Rapid Effects of MDMA Administration on Self-Reported Personality Traits and Affect State: A Randomized, Placebo-Controlled Trial in Healthy Adults
This pre-registered randomised placebo-controlled study (n=34) investigates the effects of MDMA (100mg) administration on personality traits and affective states in healthy adults. While no statistical significance was found for the primary hypotheses, medium effect sizes were observed for increased Openness (d = 0.79) and Positive Affect (d = 0.51) 48 hours after MDMA administration compared to placebo.
Authors
- Katharine Dunlop
- Boadie Dunlop
- Jessica Maples-Keller
Published
Abstract
3,4-methylenedioxymethamphetamine (MDMA) assisted therapy has been shown to be a safe and effective treatment for PTSD and emerging research suggests a change in personality traits may be a factor in treatment response. Most prior research on MDMA and personality has focused on cross-sectional comparisons of MDMA users and non-users; as such, well-controlled research assessing personality and affective states change following MDMA vs placebo administration is needed. In the current pre-registered study, we investigated the impact of MDMA administration on five-factor model (FFM) traits and affective states before and 48 h after drug administration in a randomized, placebo-controlled study of healthy adults (N = 34). Statistical significance was not observed for the four a priori hypotheses; however, medium effect sizes were found between MDMA administration and trait Openness and Positive Affect 48 h following drug administration, compared to placebo (d = .79 and .51, respectively). This study provides initial results to help guide future well-powered studies with large samples and longer follow-up timepoints to continue to investigate how MDMA impacts personality and emotional experience, which may inform optimization of MDMA treatment approaches.
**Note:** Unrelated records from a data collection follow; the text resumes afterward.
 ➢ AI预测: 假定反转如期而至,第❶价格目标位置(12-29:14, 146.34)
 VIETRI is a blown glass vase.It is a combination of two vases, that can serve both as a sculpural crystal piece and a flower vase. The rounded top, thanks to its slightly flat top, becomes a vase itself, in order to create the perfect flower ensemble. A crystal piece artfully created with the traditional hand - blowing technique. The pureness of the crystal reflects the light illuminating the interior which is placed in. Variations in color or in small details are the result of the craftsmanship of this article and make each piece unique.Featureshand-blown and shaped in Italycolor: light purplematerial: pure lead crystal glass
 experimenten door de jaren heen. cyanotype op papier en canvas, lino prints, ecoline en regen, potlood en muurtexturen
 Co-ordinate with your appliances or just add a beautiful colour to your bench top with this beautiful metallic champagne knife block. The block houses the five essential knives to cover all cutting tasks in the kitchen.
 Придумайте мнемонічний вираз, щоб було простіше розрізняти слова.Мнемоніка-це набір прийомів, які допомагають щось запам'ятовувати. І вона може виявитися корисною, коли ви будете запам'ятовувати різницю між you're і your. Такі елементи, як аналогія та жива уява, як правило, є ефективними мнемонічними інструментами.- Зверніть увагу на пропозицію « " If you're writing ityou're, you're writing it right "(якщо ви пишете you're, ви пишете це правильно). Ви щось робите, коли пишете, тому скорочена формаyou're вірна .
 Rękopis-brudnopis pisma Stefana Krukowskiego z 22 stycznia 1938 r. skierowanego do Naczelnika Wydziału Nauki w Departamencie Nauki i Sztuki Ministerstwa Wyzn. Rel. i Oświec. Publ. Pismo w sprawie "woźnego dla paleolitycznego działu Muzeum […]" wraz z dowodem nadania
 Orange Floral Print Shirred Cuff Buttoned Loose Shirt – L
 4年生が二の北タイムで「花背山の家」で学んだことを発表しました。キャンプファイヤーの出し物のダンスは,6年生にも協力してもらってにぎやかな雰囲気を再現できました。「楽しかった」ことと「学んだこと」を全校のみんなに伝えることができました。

Research Summary of 'Rapid Effects of MDMA Administration on Self-Reported Personality Traits and Affect State: A Randomized, Placebo-Controlled Trial in Healthy Adults'
Introduction
Maples-Keller and colleagues situate their study within growing interest in MDMA as a psychotherapeutic adjunct and a literature on serotonergic psychedelics producing lasting changes in personality and affect. Earlier research has shown that classic psychedelics (for example, psilocybin and LSD) can increase Five-Factor Model (FFM) Openness and sometimes decrease Neuroticism or increase Extraversion, often assessed months to a year after administration. By contrast, controlled trials specifically testing MDMA’s effects on personality and affect in healthy adults are limited; much prior work has relied on cross-sectional comparisons of recreational users and non-users or clinical samples receiving psychotherapy alongside drug administration, leaving uncertainty about MDMA’s independent, short-term impact on trait and state measures. This pre-registered, secondary analysis tests whether a single 100 mg dose of MDMA, administered in a randomised, placebo-controlled laboratory trial of psychiatrically and medically healthy adults (N = 34), produces rapid changes in FFM domains and affective state at approximately 48 hours post-administration. The investigators specified four directional hypotheses: MDMA (versus placebo) would produce greater decreases in Neuroticism and Negative Affect, and greater increases in Openness and Positive Affect. The study aims to characterise short-term personality and affective shifts that could plausibly operate as mechanisms in MDMA-assisted psychotherapy and to provide effect-size estimates for future work.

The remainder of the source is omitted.